Huw George: “No comment”

THE ANNOUNCEMENT by Milford Central County Councillor Stephen Joseph that he is to form a new group on Pembrokeshire County Council is reported elsewhere in this paper. 

In an effort to find out how much support Councillor Joseph is likely to gather, the Herald attempted to contact every county councillor to find out where they stood. At the same time, we asked each councillor whether they supported the protest scheduled for County Hall on Friday, August 8. In order to ensure each councillor had the option of declaring their position in the public interest, each of them was also sent two emails, in some cases to multiple addresses, and given two phone calls.

From the 56 councillor’s polled by this paper’s deadline, we had received just 27 replies IPPG uber-loyalist Daphne Bush hung up on our reporter, rather than answer the first question.

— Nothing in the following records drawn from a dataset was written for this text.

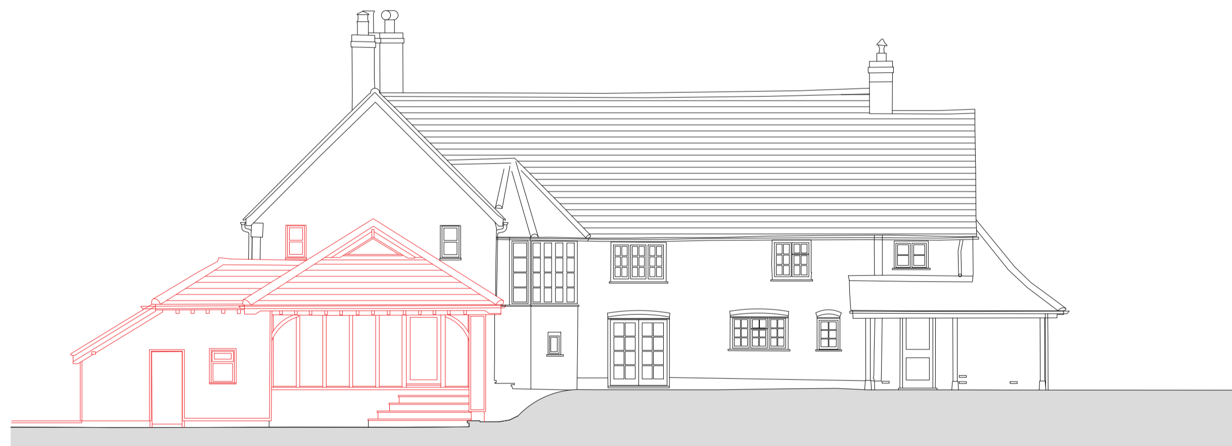
01 | EXISTING ELEVATION - SOUTH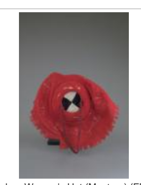
Quechua Women's Hat (Montera) (FR127)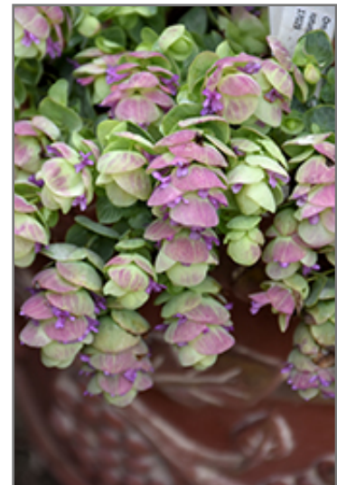
Kirigami Oregano flowers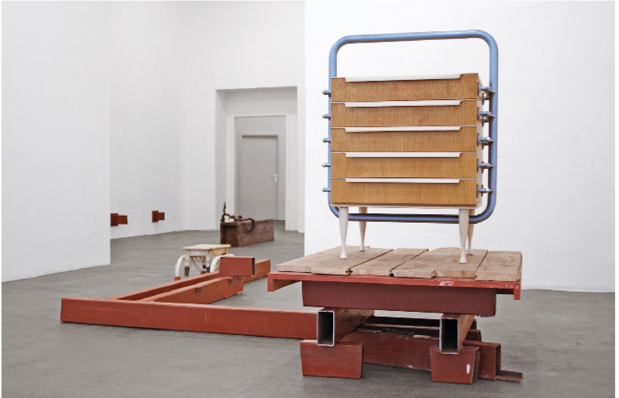
Amorphe Form in Mausefalle, 2006, exhibition view at AMERIKA, Berlin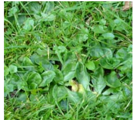
27-29 What Makes A Successful Turf Weed?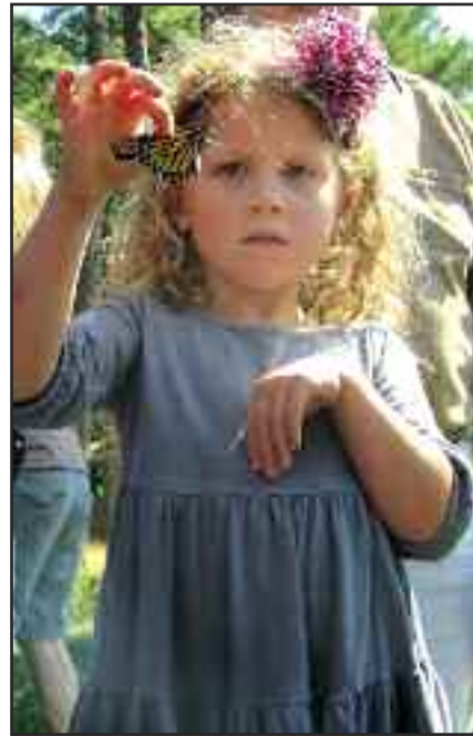
Many young people make their first connections to nature at the Discovery Center...and we want to do more.

Today the Discovery Center finds itself at the intersection of a need and opportunity to do more and the inability to do it, primarily because of our physical plant.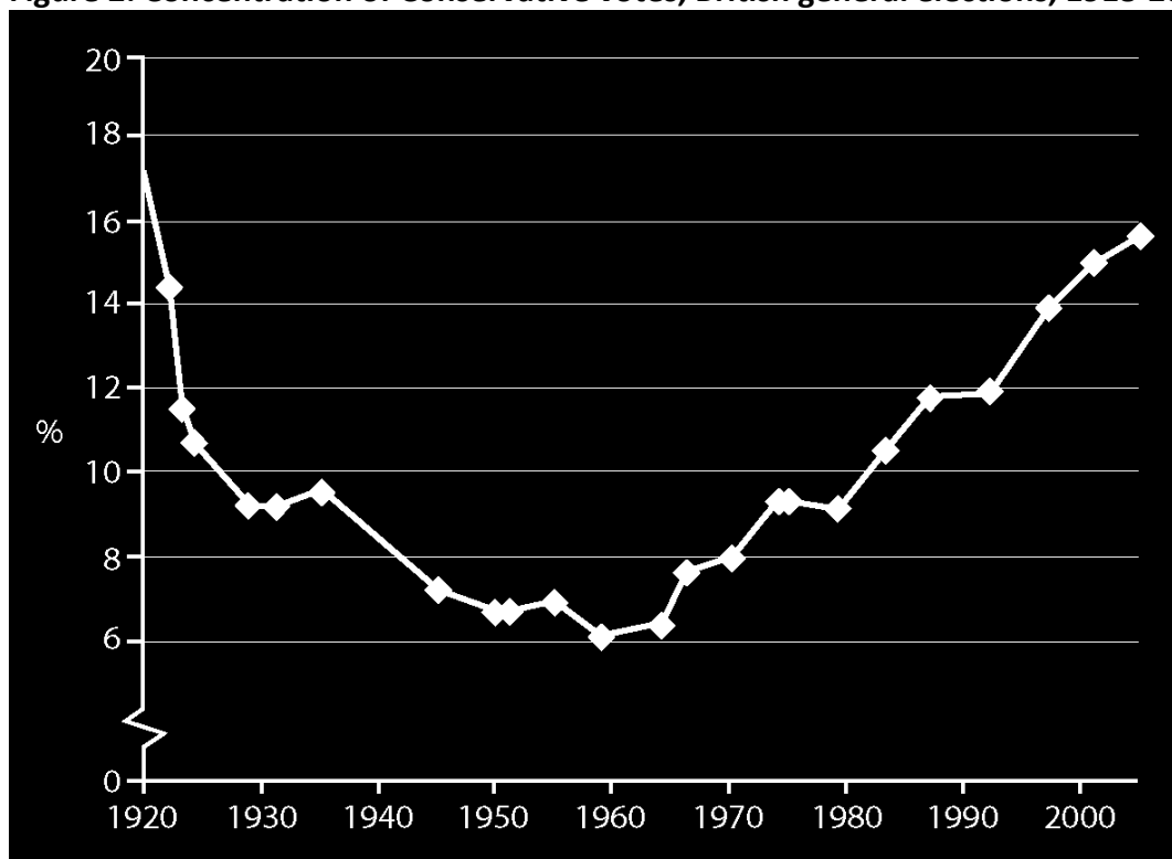
Figure 2: Concentration of Conservative votes, British general elections, 1918-2005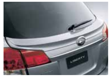
WAIST SPOILER - WAGON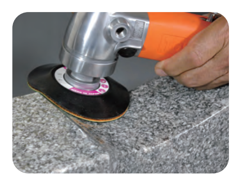
Spindle : 5/8-11, 14mm, 16mm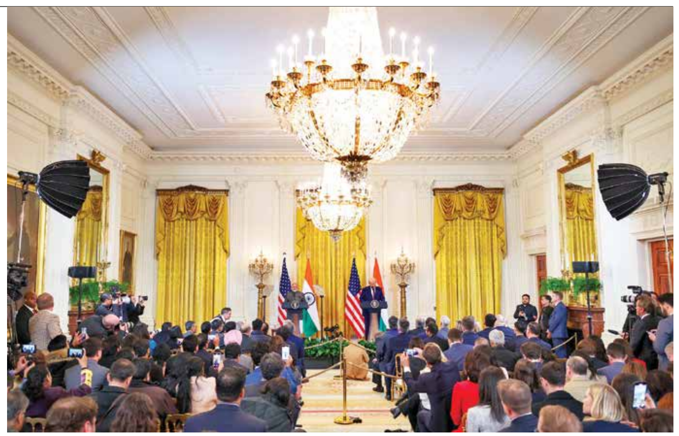
Prime Minister Narendra Modi alongside President Donald Trump during a Joint Press Conference at the White House in Washington, DC, on February 13, 2025.

welcomed a new partnership between Anduril Industries and Mahindra Group on advanced autonomous technologies to co-develop and coproduce state-of-the-art maritime systems and advanced AI-enabled counter Unmanned Aerial System (UAS) to strengthen regional security and between L3 Harris and Bharat Electronics for co-development of active towed array systems.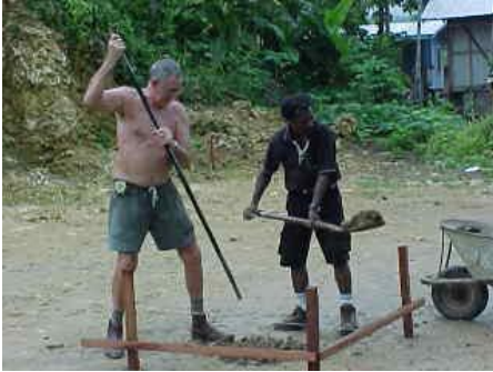
The beginning of the first day of construction of the new Senta hostel.

been repacked and was all ready to go. This is indeed good news for us at the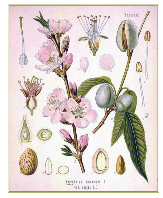
Sweet almonds, from an old botanical illustration (anon.)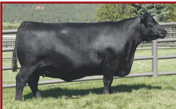
POLLARD CHLOE 9058 – DAM OF LOT 50

Teasdale Initiative is an elite multi-trait bull prospect by the $120,000 top-selling female in the 2020 Pollard Farm sale selected by Spruce Mountain Ranch, Chloe 9058, sired by the $235,000 record-breaking sire of Spruce Mountain Ranch, Riverbend Ranch, Nowatzke Cattle Company, Express Ranches, and Pollard Farms roster, Ambitious. Initiative is currently the only bull in the breed with its combination of CED, YW, Marb, $M and $C, with an explosive growth spread from double digit CED, low birth weight to top 1% YW, and elite genomics categorically across the board. He carries 15 EPDs in the top 5% and 24 EPDs in the top 25%. He is heavily muscled, massively ribbed and a monster on the hoof with excellent feet, extra long spine, and a super sound structure from front shoulder to hip all in a moderately framed package. Chloe 9058 is a direct daughter of the $200,000 headliner of the Lylester Ranch donor program, Chloe 5769, sired by the $730,000 Rooney Ranch and Vintage Angus sire Power-Play. Maternal sisters include Chloe 9071, the $140,000 half interest selection by Audley farms in the 2020 Spruce Mountain sale, and Chloe 939 the $60,000 second selling female in the 2021 Lylester Ranch sale. Chloe 4537, the full sister to Initiative, sold for $150,000 for half interest in the 2025 Spruce Mountain sale to Express Ranch.

When rung to answer the second, she hung up again. Based on Councillor Daphne’s demonstrably less than independent turn of mind, we guessed that she did not know how to answer as she had not yet been told what to say. Pearl Llewellyn was more forthcoming. She told us that she had no intention of joining Pembrokeshire First, but did say that she was more than likely to support Friday’s action. Our reporter John Vaughan soon discovered that word had got around amongst IPPG members that these questions were being asked, and it appears the advice given, within the group, was to refuse to answer the key question as to whether or not they supported their workers’ protest.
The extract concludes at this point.